PROBLEM TO WORK ON:
All pictures must be left out as you transcribe the lines from the first line of the data to the line containing "CES ENERGY SOLUTIONS", both included.

★ ★ ★ ★ ★ ★ ★

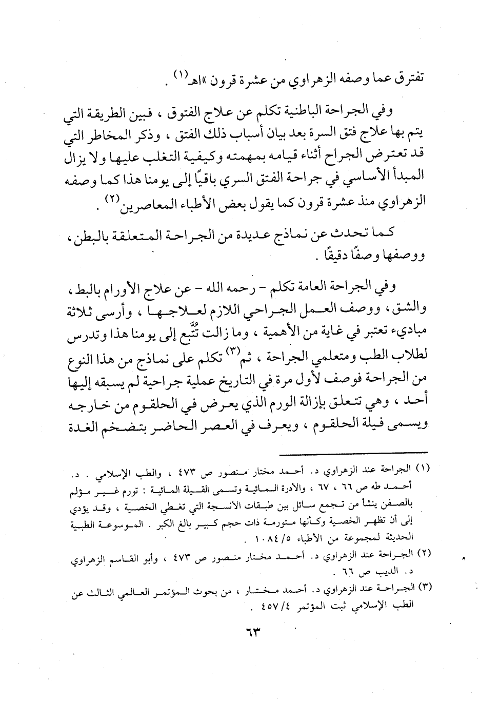 (¬2) الجراحة عند الزهراوي د. أحمد مختار منصور ص 473، وأبو القاسم الزهراوي د. الديب ص 66.
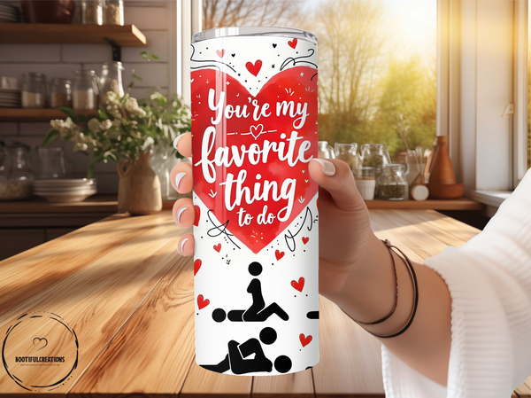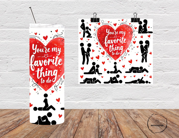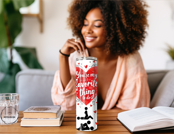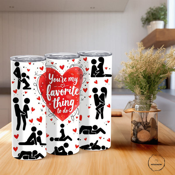 Indulge in pure joy with our Favorite Thing to Do Tumbler! Relax and sip for up to 6 hours hot or 24 hours cold. Adorned with fun and flirty sexual positions and hearts, this tumbler can also be personalized with a name. Get yours now and make every sip special!
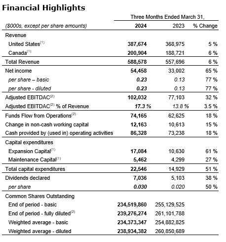 CES ENERGY SOLUTIONS CORP. ANNOUNCES STRONG Q1 2024 RESULTS WITH RECORD REVENUE AND ADJUSTED EBITDAC AND DECLARES CASH DIVIDEND
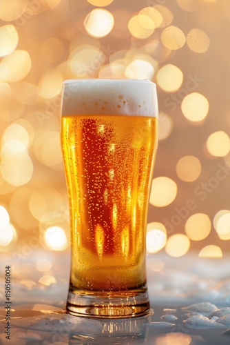 Refreshing Cold Beer Glass with Bubbles on Warm Background
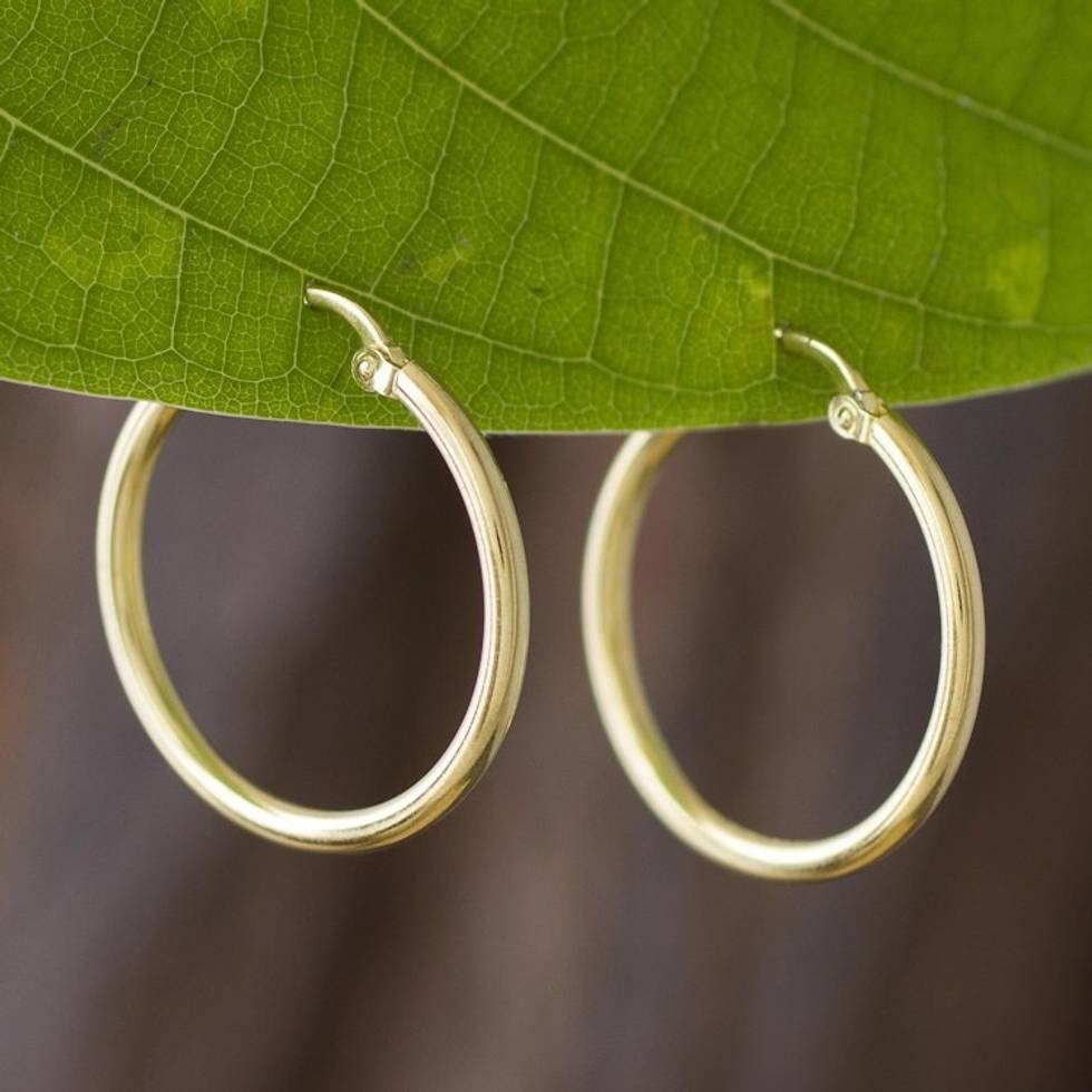 18k Gold Plated Sterling Silver Hoop Earrings from Peru 'Eternal Gleam' Item ID: 2671819456
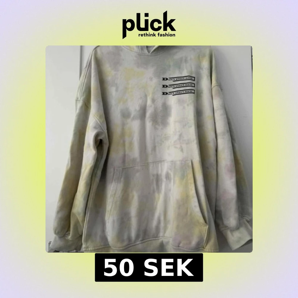 Säljer en oversized hoodie i ljusa tie-dye färger med gult och grått. Tröjan har huva, stor magficka och tryck med texten 'Don't start now' på bröstet. Perfekt för chill dagar och streetstyle.

★ ★ ★ ★ ★ ★ ★

RESPONSE TO THIS TASK:
 (¬2) الجراحة عند الزهراوي د. أحمد مختار منصور ص 473، وأبو القاسم الزهراوي د. الديب ص 66.
 Indulge in pure joy with our Favorite Thing to Do Tumbler! Relax and sip for up to 6 hours hot or 24 hours cold. Adorned with fun and flirty sexual positions and hearts, this tumbler can also be personalized with a name. Get yours now and make every sip special!
 CES ENERGY SOLUTIONS CORP. ANNOUNCES STRONG Q1 2024 RESULTS WITH RECORD REVENUE AND ADJUSTED EBITDAC AND DECLARES CASH DIVIDEND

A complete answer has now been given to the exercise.